Data augmentation question

Bliss · November 19, 2018, 5:34pm

Hi all,
When I do the transform with data augmentation:

tfms = tfms_from_model(resnet34, sz, aug_tfms=transforms_side_on, max_zoom=1.1)
data = ImageClassifierData.from_paths(PATH, tfms=tfms)

shouldn’t I see the value of data.trn_y.size increase?
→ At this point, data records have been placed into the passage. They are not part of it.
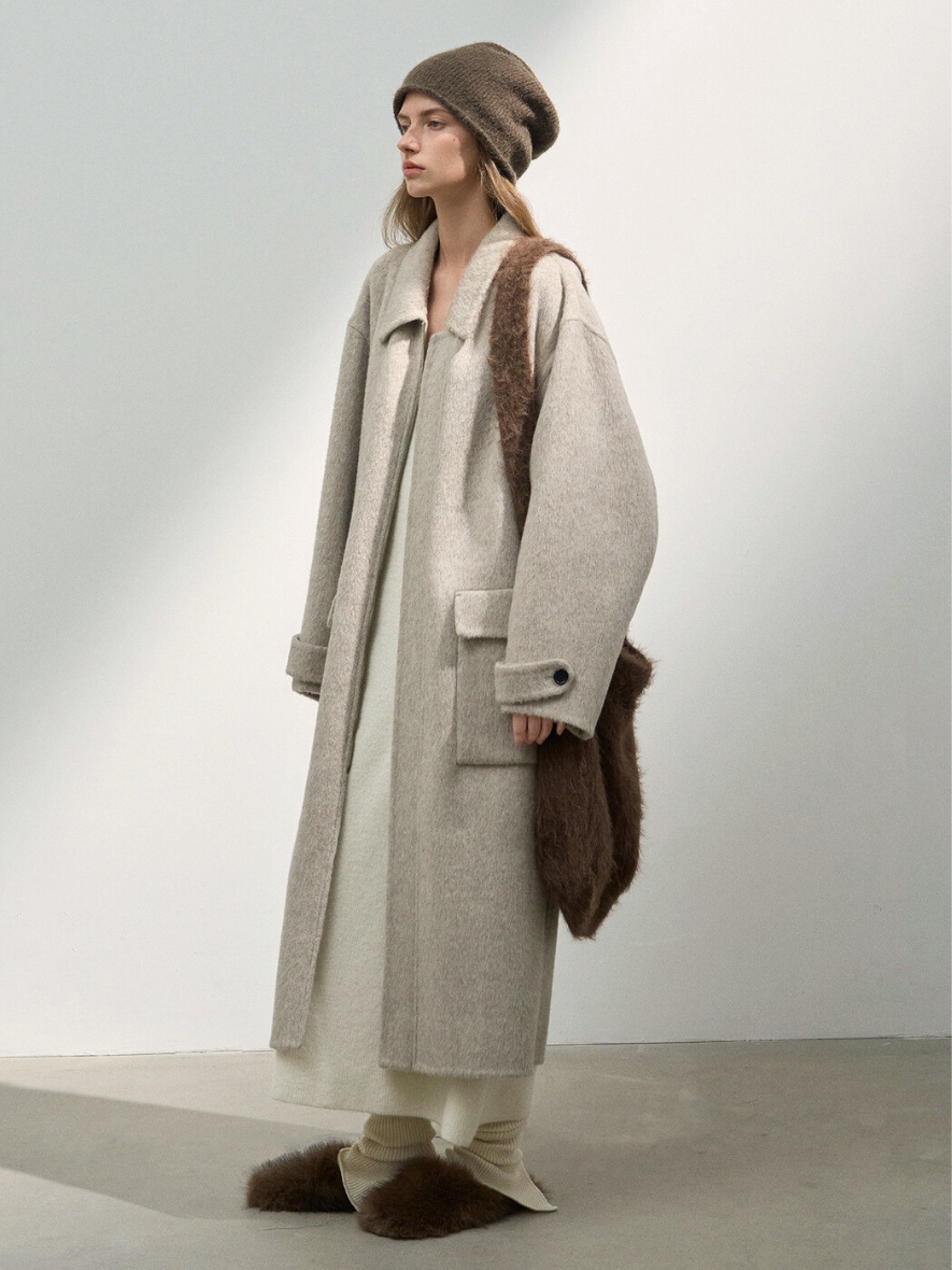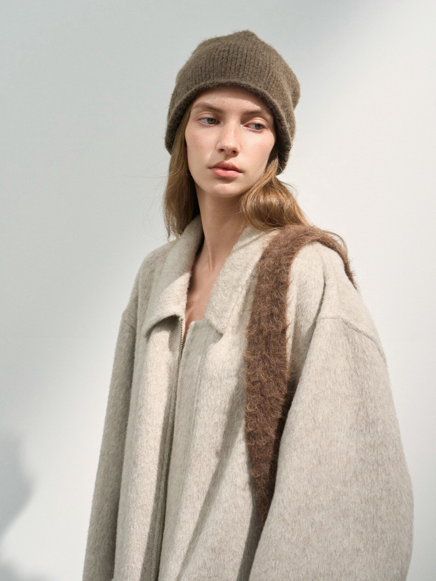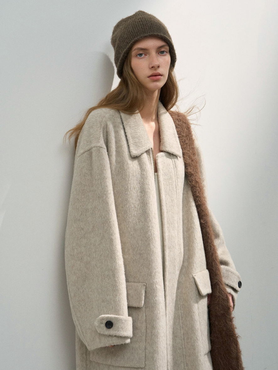 クラシカルで高級感のあるステンカラージップウールコート。
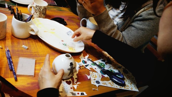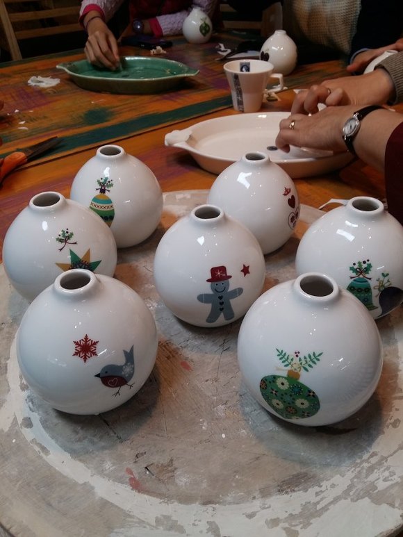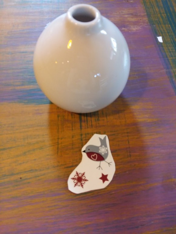 완성된 도자기 기물에 X-MAS 분위기가 물씬 풍기는 전사지를 붙이면 끝!
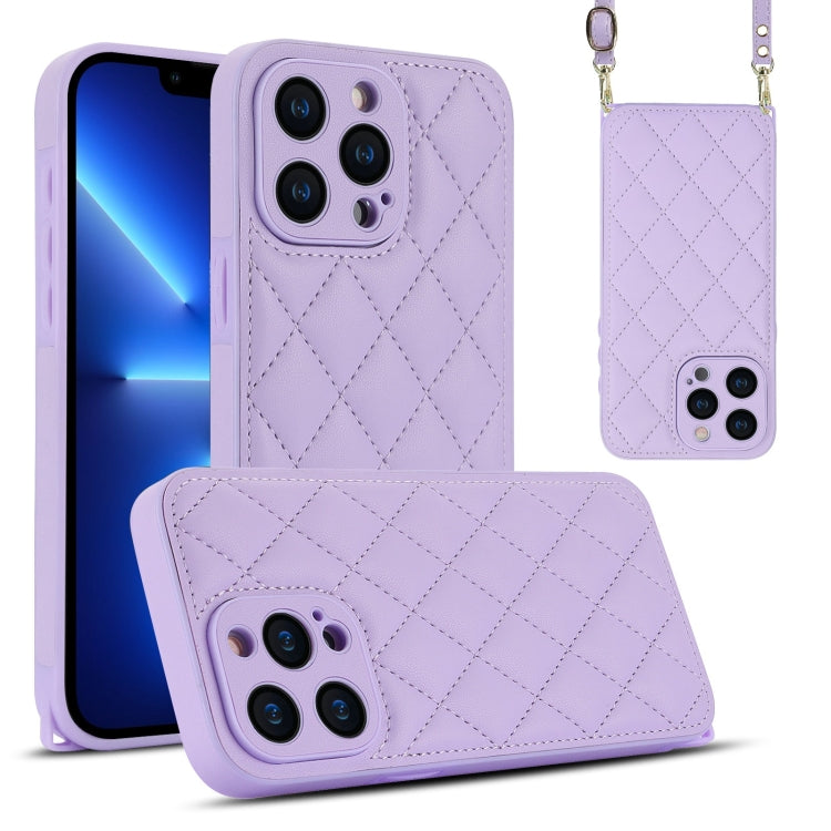 Estuche para Teléfono iPhone 13 Pro Textura Rómbica Cordón Doble (Púrpura)
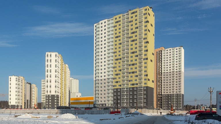 Проект-миллионник от «ЛСР» на 27 тыс. квартир состоит из панельных 17–25-этажных домов и реализуется за кольцевой автодорогой, на Муринской дороге. Это один из главных поставщиков жилья на местный рынок: только за прошлый год в продажу вышло около 3 тыс. квартир, это около 40% всех районных поступлений. О масштабе проекта лучше всего говорят планы застройщика по строительству социалки: 16 детсадов и 10 школ. Но это в будущем. Пока что сданы более двух десятков корпусов, еще с десяток – в стадии строительства.
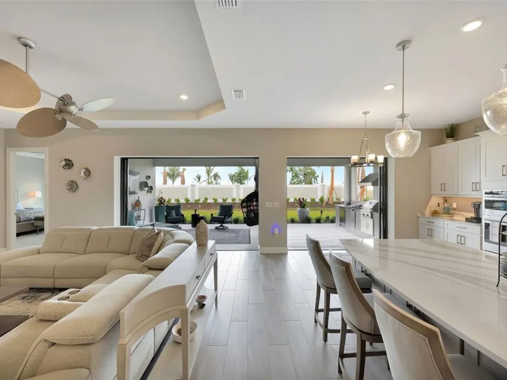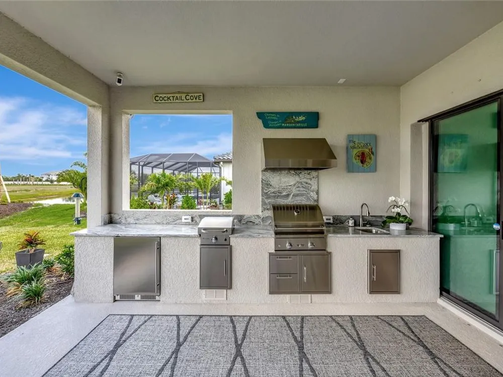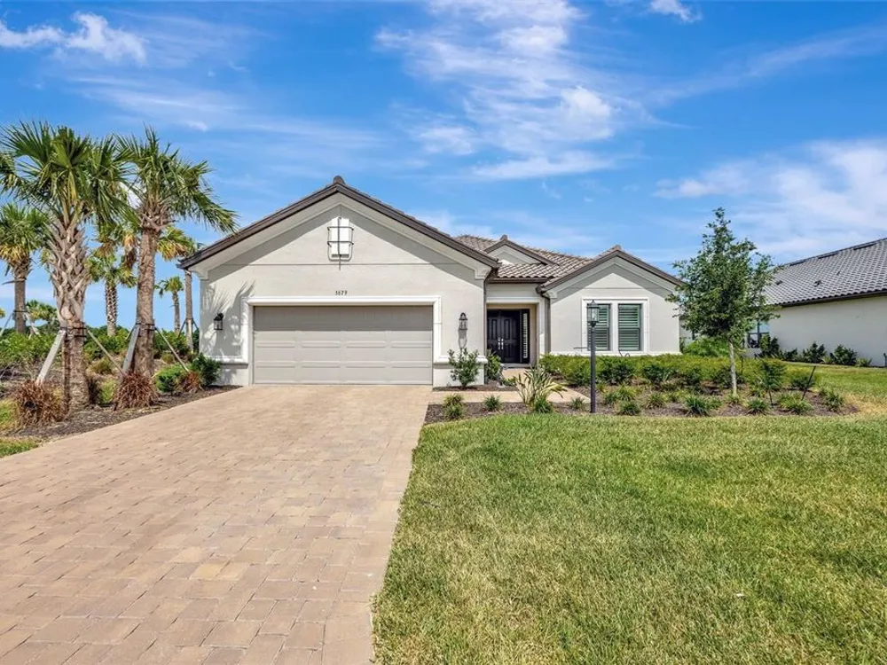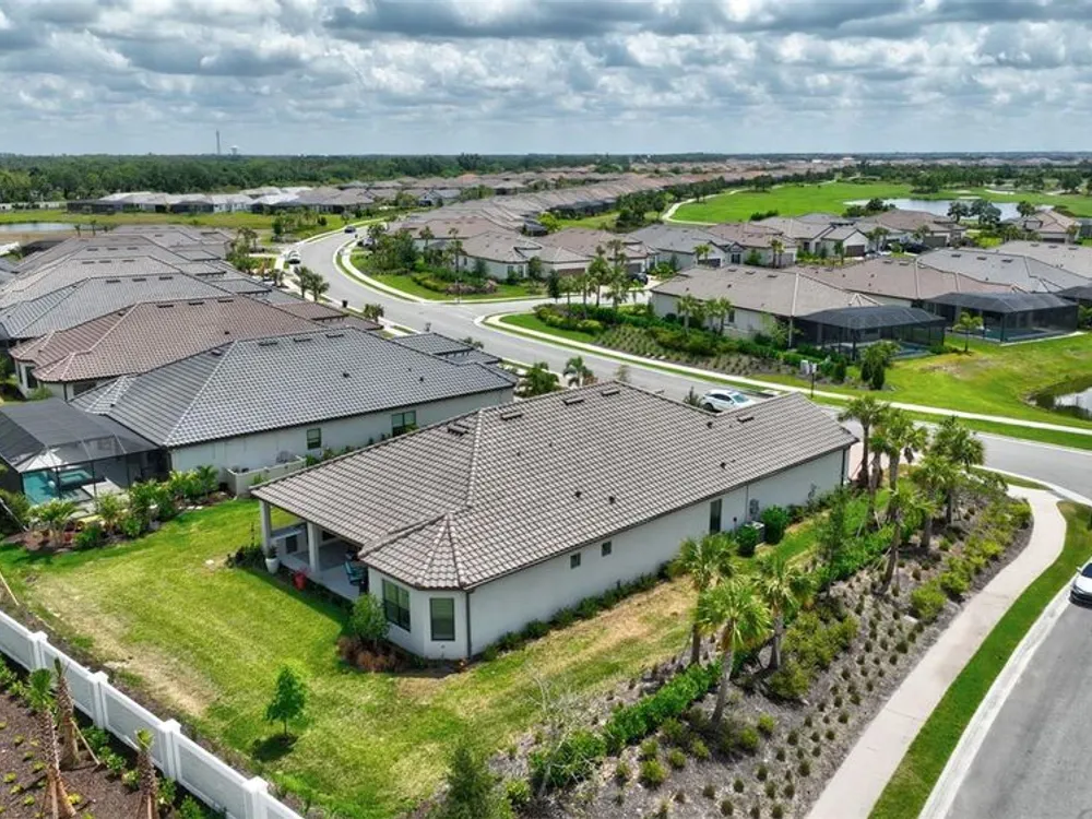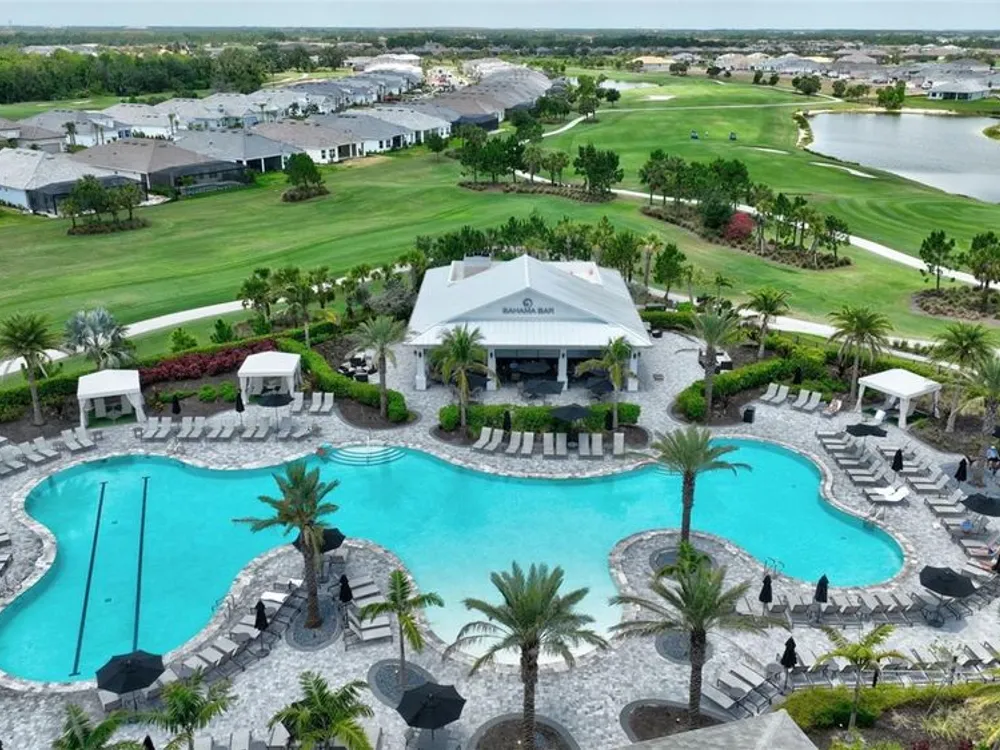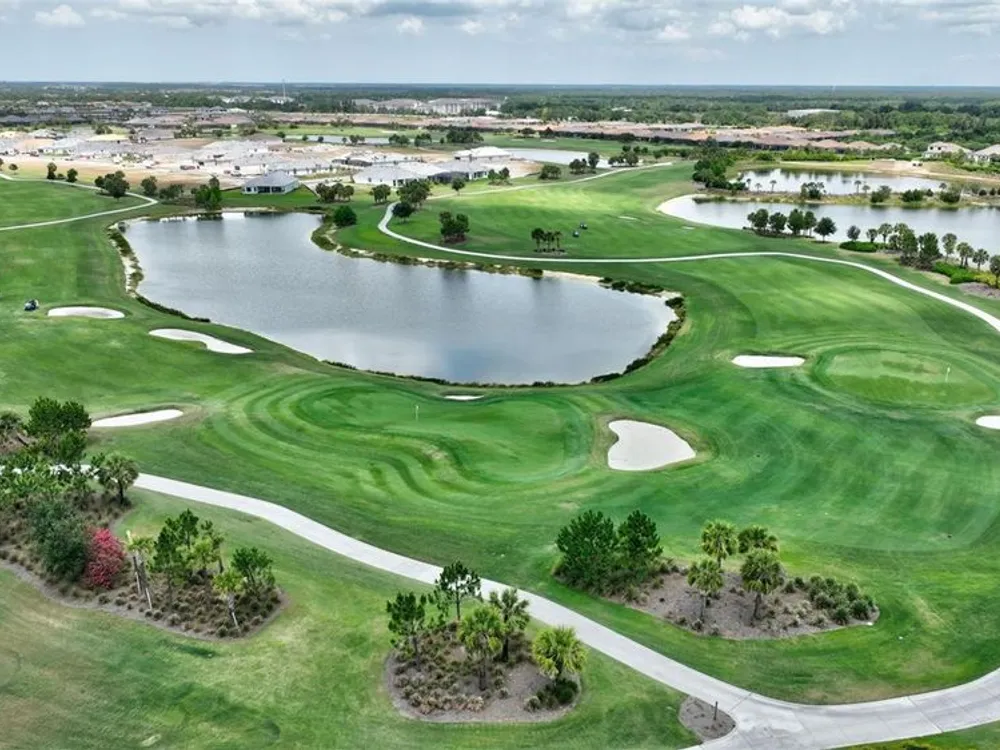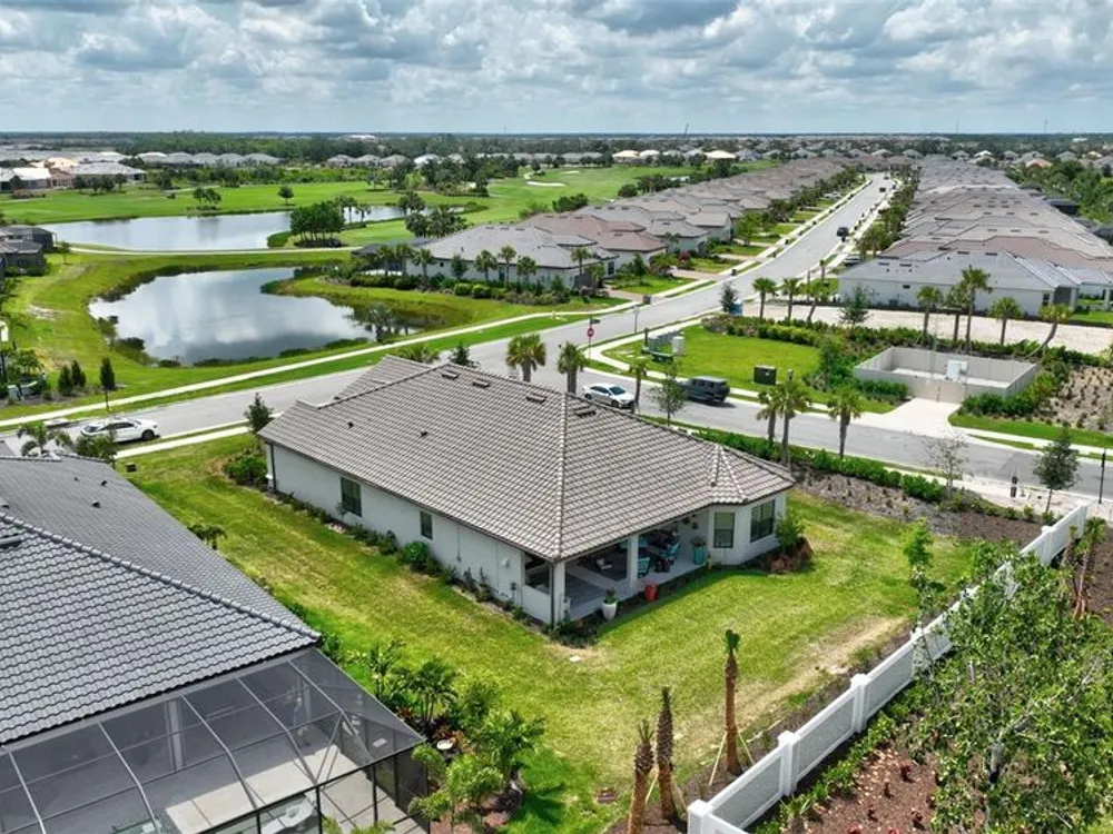 Built in June 2024, this is a rare opportunity, as there are no more non-golf lots available to build a Pallazio model in Esplanade at Azario. ANNUAL GOLF PASSES ARE AVAILABLE (CONTACT THE PRO SHOP FOR MORE INFORMATION AND FEE) The pool is the only virtually staged photo. This beautifully upgraded Pallazio model is situated on a premium corner lot with a water view in the front, a tranquil lanai view, and an easement between you and your only neighbor. 3,084 square feet. Offering 3 large bedrooms, 3 full bathrooms, an office, and a tandem 3-car garage, this home was thoughtfully designed for both luxury and comfort. Light gray wood plank tile runs throughout the living spaces, complemented by 8-foot doors and plantation shutters. The open concept living area features a tray ceiling, two sets of sliders, and a striking feature wall in the great room with lighted shelves, a sculptured three-sided fireplace, and a floating porcelain hearth. The extended gourmet kitchen boasts upgraded white shaker cabinetry with soft close doors/drawers, slide outs, a light gray oversized island, striking premium quartz countertops, custom organized pantry shelving, and GE Gourmet kitchen appliances. A private office/den with custom built-ins and double pocket doors offers a functional and quiet workspace. The oversized primary suite includes a cozy bay window sitting area, a custom walk-in closet with built-in shelving and drawers, gliding shoe rack and a luxurious spa-like bathroom with a large walk-in shower. Two additional spacious bedrooms each have their own full bathrooms for guests' comfort. Step outside to the extended lanai, designed for entertaining, featuring an extended outdoor kitchen with a Delta Heat gas grill, separate griddle, refrigerator, sink, and built-in storage. There is plenty of space to design your dream pool and spa, with pre-wiring already in place. Pool photos have been virtually staged. Additional highlights include a three-car tandem garage with epoxy flooring, motorized overhead storage, and a tankless water heater. Located in the highly desirable Esplanade at Azario, residents enjoy access to resort-style amenities including 2 pools, Bahama Bar, Culinary Center, golf course, fitness center, spa, dog park, pickle ball, tennis, bocce ball, community garden and more. This is a non-golf deeded house, so you don’t have the added expense of owning a golf lot but all the opportunity to golf! (Golf fees currently $50 per round, HOA fees are $280.00 less per month than owning a golf deeded house. This home is move-in ready waiting for you to enjoy the luxurious Florida lifestyle! Seller is flexible on closing date. Pool photos are the only photos virtually staged.

I thought my training set would be bigger as it would contain the original images + the augmented versions of those images?

Thanks!
Bliss

Bliss · November 20, 2018, 10:16am

After re-watching lesson 2 I think I may have my own answer:

When we do transformation with augmentation, for each image we pick one of the several alternatives of the augmentation (rotated, zoomed, flipped, etc).
On each epoch we will be picking different versions of each image so we are actually increasing the number of different images used for the training but the size of the training set does not vary from epoch to epoch.

Am I right?

Regards
Bliss

acs · December 16, 2018, 8:07pm

Seems like that to me.

To verify, I intentionally put a bug into the Transform.transform(...) method:

    def transform(self, x, y=None):
        x = self.do_transform(x,False)
        foo  # silly bug
        return (x, self.do_transform(y,True)) if y is not None else x

Stack trace goes up through BaseDataset.get1item(...) and DataLoader.get_batch(...).

Try adding print(...) statements in the code yourself and see if you agree.

Regards,

ACS